Is it not a bit strange that the Church is so clear on its teaching about contraception but on a learning curve when it comes to child abuse. Am I correct in thinking that abortion is a reserved sin but rape of children is not. The majority of children in Ireland are supposed to accept that they are the fruit of marital relationships grounded not in acts of love but in acts which are intrinsically evil and that conscience irrelevant. Could this be part of the reason that so few teenagers have any real connection with the Church.

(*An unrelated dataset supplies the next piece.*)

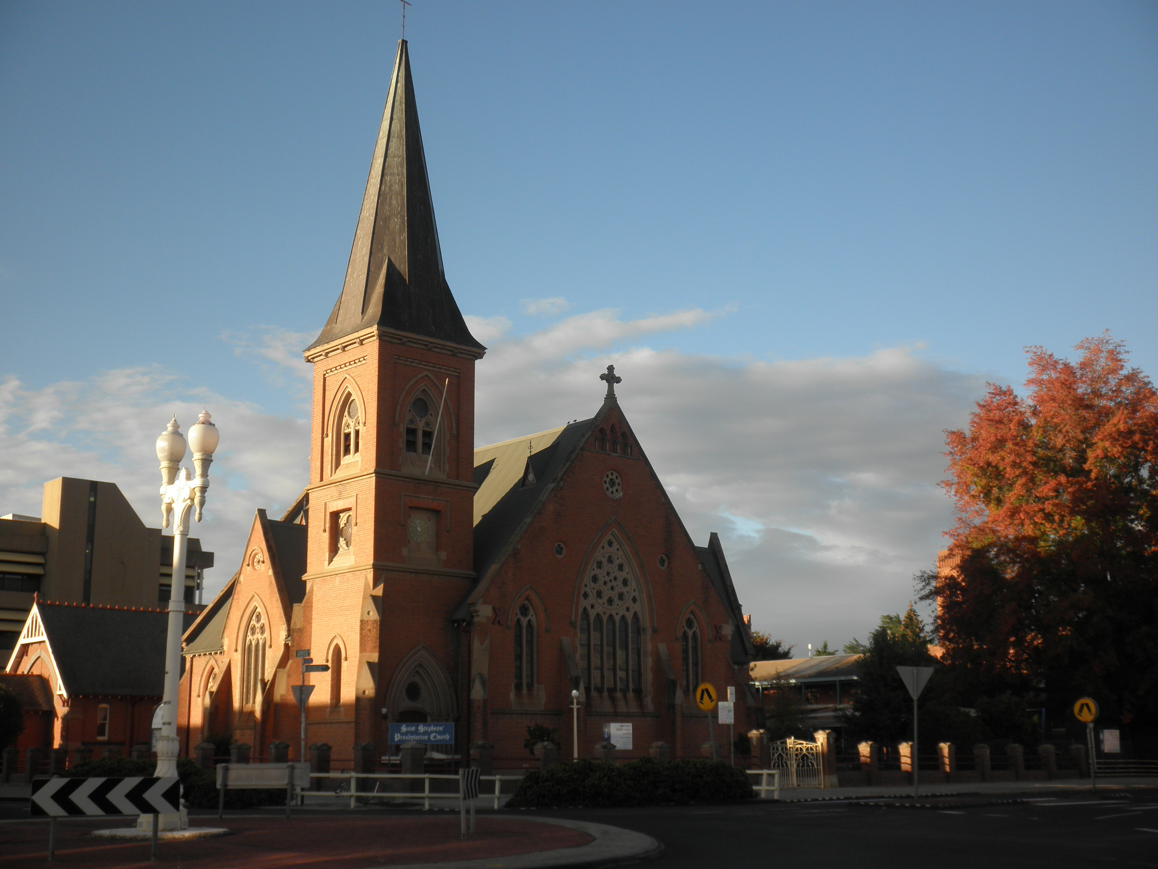 St Stephens Presbyterian Church, Bathurst, New South Wales, Australia. Completed in 1872.

The Church describes contraception as ‘shameful and intrinsically immoral’, ‘a very grave crime’, ‘an offence against the law of God and nature, and those who commit it are guilty of grave sin’. Either the Church’s teaching is true or it is not true. If it is true then why is it not being preached about more forcibly given that a great number of Catholics are in grave danger of losing their souls? If it is not true then the Church is guilty of falsehood.Catholic married couples do not observe the Church’s teaching on contraception. They are using their own personal conscience in their private lives. The Church’s teaching on contraception is one of the main causes for the collapse of Confession. This is one of the biggest indications that the double standards in Church teaching is damaging its credibility. If the authenticity of one of the Sacraments is in doubt then what about the rest?
Nuala O’D, #6, #8
Married couples don’t use artificial contraception to plan their families, any more than one uses a car to plan one’s work schedule. There is a difference between the intentional act of planning, and the vehicle that gets you there.
Interesting juxtaposition between comment #7 and #8 which claim, respectively, that the church’s teaching on contraception is clear, and that it is practically never preached about.
The only explanation is that the majority of priests today are completely out of step with the constant teaching of the church. Of course, you don’t have to go any further than these web pages of the ACP to get the strong impression that this is true.
One is left with the sad impression that there can be no cure for the almost total doctrinal confusion of today’s Catholics until the current crop of priests has moved on through and we once again start getting consistent messages from priest, bishop, and pope. (Many, of course, are preoccupied with the delusion that it will be the pope and not the priests that will change).
Peter Short @9.
But Peter there is more to the Church than Pope and Priests. There is also The People.The people have voted by walking away from the sacrament of confession and have ignored with contempt the unjust teaching regarding contraception. The Church’s teaching is wrong because it tries to impose a teaching that is the providence of conscience only. In fact it was Humanae Vitae that forced married couples to begin thinking about the authenticity of personal conscience and the freedom to make personal decisions regarding life issues. As one group of married couples said, ‘It is our view that if the clergy took rectal temperatures that Catholic married couples would not still be waiting for an answer on contraception’!